Sumber: KONTAN |
JAKARTA. Pemerintah baru saja mengumumkan terbitnya kebijakan fasilitas pajak untuk mendorong peningkatan investasi di Indonesia melalui PP Nomor 62 Tahun 2008. Insentif pajak tersebut diberikan kepada 23 bidang usaha dan 15 bidang usaha di daerah tertentu. Salah satunya kepada kelompok industri susu dan makanan dari susu meliputi cakupan produk susu bubuk, susu kental manis dan susu cair.
Menanggapi beleid anyar tersebut, Dewan Persusuan Nasional Teguh Budiyana mengatakan, "Mestinya yang diberi insentif itu bukan industri hilir, melainkan industri hulu.”.

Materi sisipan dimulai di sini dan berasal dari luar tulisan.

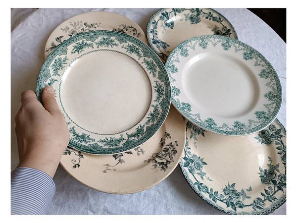 - Une assiette décor roses-mousses de la faiencerie Onnaing . Délicat décor vert de roses et guirlandes ornementales .

Menurut hitungan Teguh, pemberian insentif kepada pemain baru di sektor hilir justru tak akan efektif karena 80% bahan baku susu saat ini masih diusung dari luar negeri. "Jika raw material terbatas, pemain baru juga akan kesulitan,” tegas Teguh. Soalnya, imbuh Teguh, perusahaan-perusahaan susu di Indonesia adalah kelas kakap. Itu sebabnya, industri hulu tak akan mampu bersaing. “Kecuali, menambah impor susu lagi,” tandasnya.

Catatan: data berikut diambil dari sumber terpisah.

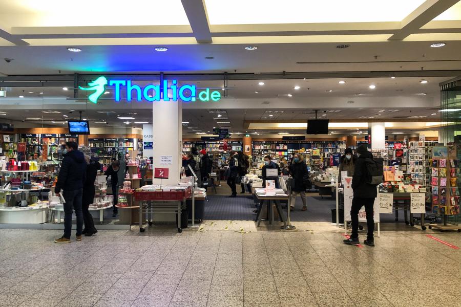 去年12月中旬,德國啟動“全面封鎖”前,杜斯曼書店門前排起長隊,記者等了二十多分鐘才進入店內。一問才知,很多人都擔心書店關門,于是抓緊時間多買一些書。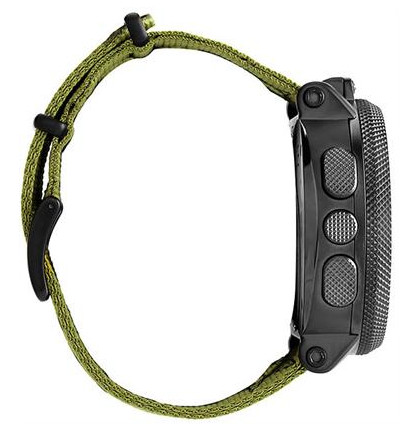 Also 48mm diameter (ex crown), made of 316L stainless steel with a K1 Scratch Resistance crystal. With the usual ABC features such as Altimeter, Barometric Pressure and a digital Compass, plus World Time and Alarms and so on it’s quite well specified. 10ATM Water Resistance so no worries getting it wet on your travels.

Sementara itu, Ketua Asosiasi Produsen Makanan Bayi Budi Satrio Isman menyambut baik pemberian insentif pajak kepada industri susu. " Kebanyakan perusahaan itu membebankan pajak pada harga jual produk, jika ada insentif pajak, ini akan menekan harga di tingkat konsumen dan akan meningkatkan konsumsi susu nasional. itu kan baik " tandasnya.
Akan lebih baik lagi, bila industri hulu, maupun industri hilir diberikan kesempatan yang sama untuk mendapatkan insentif pajak tersebut. Budi menjelaskan, insentif pajak untuk industri hulu akan meningkatkan produksi susu dalam negeri. Tentu hal tersebut akan menekan impor bahan baku bagi industri hilir, sehingga akan lebih efisien lagi.

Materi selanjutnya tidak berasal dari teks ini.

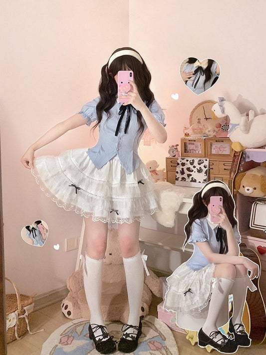 Bows Tiered Skirt High Waist Jirai Light with Kei Blue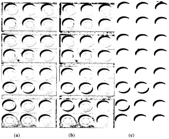 Extraction results: (a) histogram threshold method; (b) morphological method; and (c) proposed method.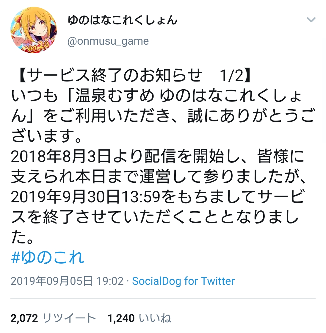 ゆのこれはそこそこの人気あるメディアミックスのなかのアプリが死んだだけだからな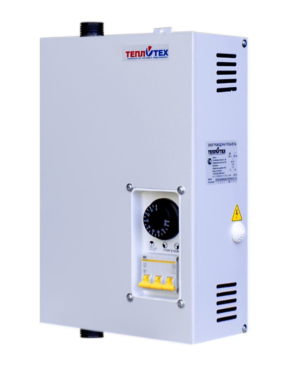 Электрический котел Теплотех ЭВП-6М состоит из корпуса, внутри которого находиться котел в виде трубы с входным и выходным патрубками. В нижней части котла установлен электронагреватель, соединенный со схемой управления. Управление водонагревателями ЭВП-3М, ЭВП-4.5М, ЭВП-6М, ЭВП- 9М, ЭВП-12М представляет собой три выключателя, которые позволяют изменять мощность котла пропорционально 1/3 мощности, 2/3 мощности и 100% мощности соответственно. Сигнализация осуществляется подсветкой выключателей 1/3 мощности – первый выключатель, 2/3 мощности – второй выключатель, 100 % мощности – первый и второй выключатели. Третий выключатель служит для управления циркуляционным насосом. Температура теплоносителя регулируется термостатом с диапазоном регулирования 0…85°С. Термовыключатель является устройством защиты водонагревателя от перегрева, которое отключает водонагреватель при превышении температуры теплоносителя свыше 90С. Возврат водонагревателя в рабочее состояние произойдет после остывания автоматически. Также, существует возможность регулирования температуры теплоносителя с помощью выносного терморегулятора (в комплект не входит). Верхний и нижний патрубки предназначены для встраивания водонагревателя в систему отопления. На боковой части корпуса имеется отверстие для ввода кабеля и заземления.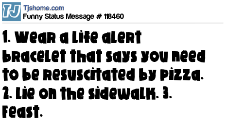 X 1. Wear a life alert bracelet that says you need to be resuscitated by pizza. 2. Lie on the sidewalk. 3. Feast.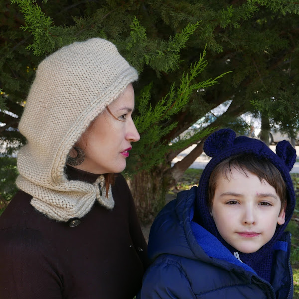 Pero esto no queda aquí, yo también me he lanzado a hacer un gorro con cuello para mí, aquí nos tenéis a los dos: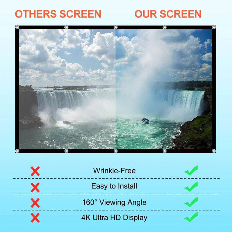 Portable 120 pouces 16:9 écran de projection extérieur et intérieur toile pliante rapide avec projecteur arrière en polyester durable

Sekadar mengingatkan, fasilitas insentif tersebut diberikan pemerintah dalam bentuk pengurangan penghasilan neto sebesar 30% dari jumlah penanaman modal dan dibebankan selama 6 tahun, besarnya masing-masing 5% per tahun. Selain itu, juga ada penyusutan dan amortisasi yang dipercepat, pengenaan pajak penghasilan atas dividen yang dibayarkan kepada subjek pajak luar negeri sebesar 10%, dan kompensasi kerugian yang lebih lama dari 5 tahun; tetapi tidak lebih dari 10 tahun.
Penerbitan PP tersebut merupakan salah satu dari rangkaian kebijakan yang tertuang dalam Inpres No. 5/Tahun 2008 tentang Fokus Program Ekonomi Tahun 2008-2009 untuk memperbaiki iklim investasi dan meningkatkan daya saing nasional.